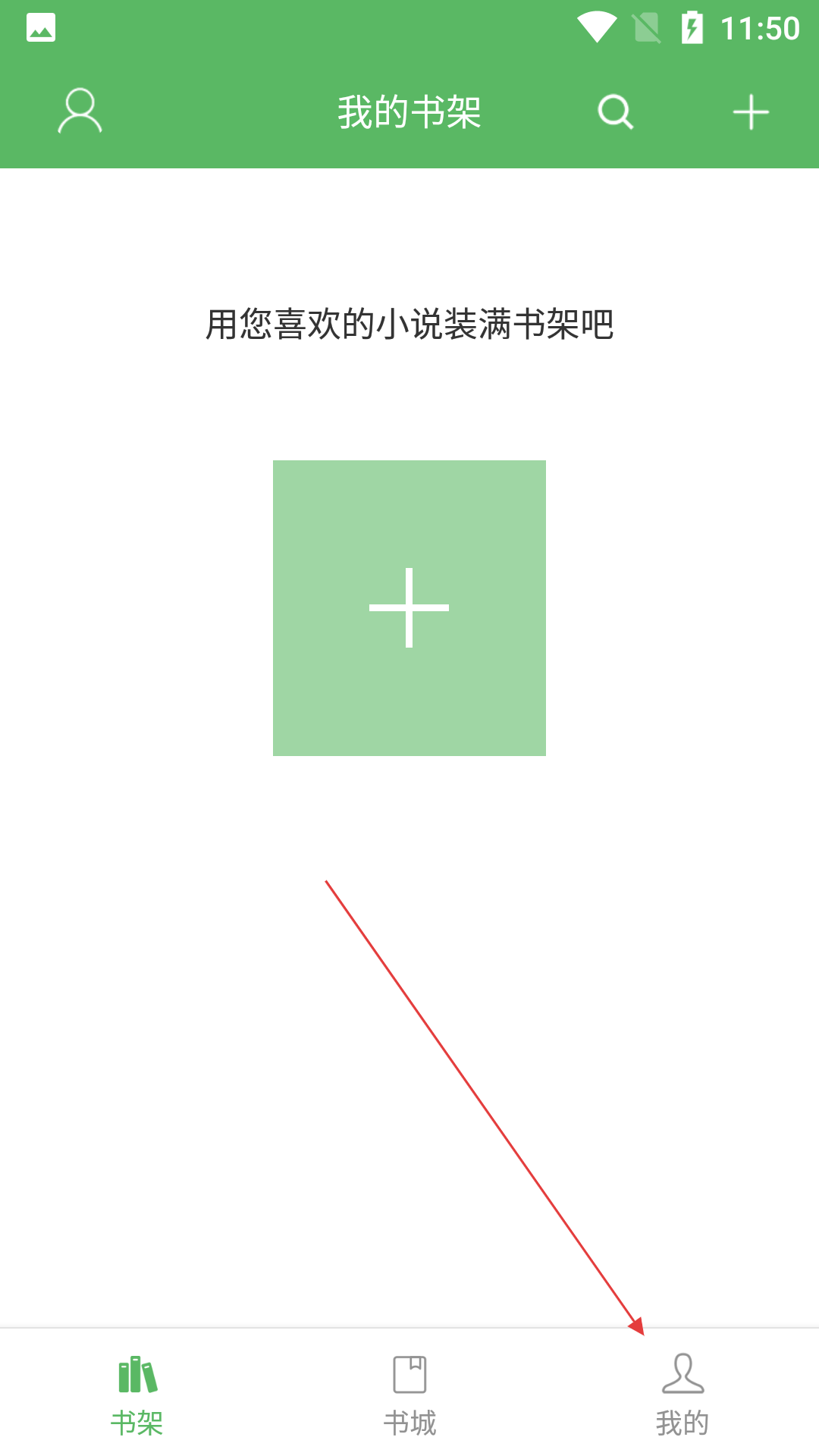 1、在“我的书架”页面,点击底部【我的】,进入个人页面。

----------------------------------------

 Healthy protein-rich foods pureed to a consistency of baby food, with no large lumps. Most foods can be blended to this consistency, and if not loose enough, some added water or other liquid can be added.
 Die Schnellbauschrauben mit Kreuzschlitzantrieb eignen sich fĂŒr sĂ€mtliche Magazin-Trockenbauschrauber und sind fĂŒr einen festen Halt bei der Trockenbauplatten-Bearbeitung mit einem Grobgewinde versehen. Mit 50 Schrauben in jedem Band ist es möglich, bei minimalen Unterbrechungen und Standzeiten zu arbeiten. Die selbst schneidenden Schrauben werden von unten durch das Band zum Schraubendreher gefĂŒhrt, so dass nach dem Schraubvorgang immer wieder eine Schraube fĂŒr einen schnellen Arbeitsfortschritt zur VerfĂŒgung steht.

----------------------------------------

▶ **YOUR GOAL**:
Please output the lines of the listing above that fall in the stretch from the one with "Healthy protein-rich foods" through the one with "Die Schnellbauschrauben mit", exactly and only those.

▶ **TASK RESPONSE**:
 Healthy protein-rich foods pureed to a consistency of baby food, with no large lumps. Most foods can be blended to this consistency, and if not loose enough, some added water or other liquid can be added.
 Die Schnellbauschrauben mit Kreuzschlitzantrieb eignen sich fĂŒr sĂ€mtliche Magazin-Trockenbauschrauber und sind fĂŒr einen festen Halt bei der Trockenbauplatten-Bearbeitung mit einem Grobgewinde versehen. Mit 50 Schrauben in jedem Band ist es möglich, bei minimalen Unterbrechungen und Standzeiten zu arbeiten. Die selbst schneidenden Schrauben werden von unten durch das Band zum Schraubendreher gefĂŒhrt, so dass nach dem Schraubvorgang immer wieder eine Schraube fĂŒr einen schnellen Arbeitsfortschritt zur VerfĂŒgung steht.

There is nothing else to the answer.